Maria-Elisabeth Schaeffler (born 17 August 1941) is a German businesswoman and one of the owners of Schaeffler Group, one of and the world's largest producers of rolling bearings. The other owner is her son Georg F. W. Schaeffler.

Early life
Schaeffler was born in Prague in 1941, which was then in the Protectorate of Bohemia and Moravia, and grew up in Vienna, Austria.

Career
In 1963, Schaeffler married Georg Schaeffler, and moved to Herzogenaurach in Franconia, which is located within Bavaria. It was through Schaeffler's marriage that she would come to work for Schaeffler Group AG. In 1996 Georg died, and she took the reins of the family business.

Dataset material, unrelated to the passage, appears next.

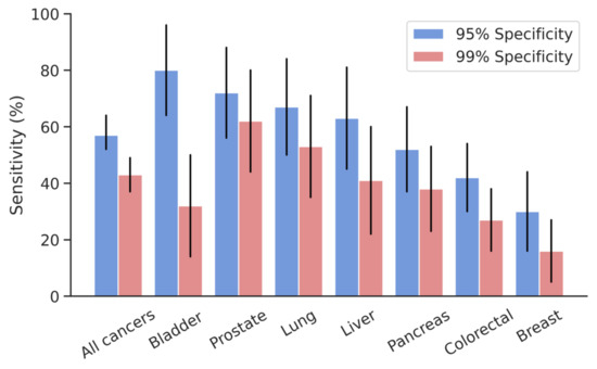 At 95% specificity, the individual organ models ranged in sensitivity from 30% for breast cancer to 80% for bladder cancer, with sensitivities higher than 50% for prostate (72% (CI: 56, 88) sensitivity), lung (67% (CI: 50, 84) sensitivity), liver (63% (CI: 45, 81) sensitivity), and pancreas (52% (CI: 37, 67) sensitivity). At 99% specificity, the individual organ models ranged in sensitivity from 16% for breast cancer to 62% for prostate cancer (p = 0.001). The bladder differed from the breast model (p = 0.0018) and the colorectal model (p = 0.0102), the breast model from the lung (p = 0.0120) and prostate (p = 0.0052) models, and the prostate model from the colorectal model (p = 0.0268). Detection performance for the “all cancer” and individual organ models can be found in Table 2 and Figure 2.

It has been Schaeffler's legacy to continue with her husband's life's work, growing the family business, Schaeffler Group AG. Since 1996 Schaeffler has led her company through multiple lucrative acquisitions, including: INA, LUK, and FAG. These three companies in particular are large brand name corporations in making rolling bearings. These three acquisitions have made Schaeffler Group AG one of the largest producers of rolling bearings and linear motion products in the World.

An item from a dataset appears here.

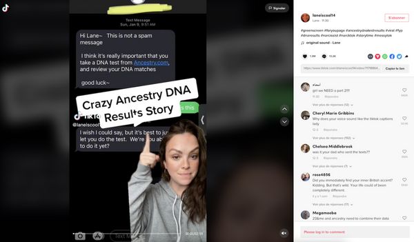 Dans une série de vidéos publiées sur TikTok, Lane est revenue sur la manière dont elle avait appris que son père n’était pas son père biologique. Une histoire débutée lorsqu’elle a reçu un texto inconnu lui demandant de procéder à un test ADN.

In 1999, Schaeffler led the acquisition of the remaining shares of LuK, a clutch manufacturer, obtaining 50% of the shares of the company for Schaeffler Group AG. Schaeffler Group already owned 50% of the LuK shares. In 2001 she led the acquisition of FAG Kugelfischer Georg Schäfer AG Schweinfurt, with the acquisitions of FAG and INA, Schaeffler Group AG had become the second largest producer of rolling bearings in the World. In 2009 Schaeffler Group purchased a significant share of the company Continental AG.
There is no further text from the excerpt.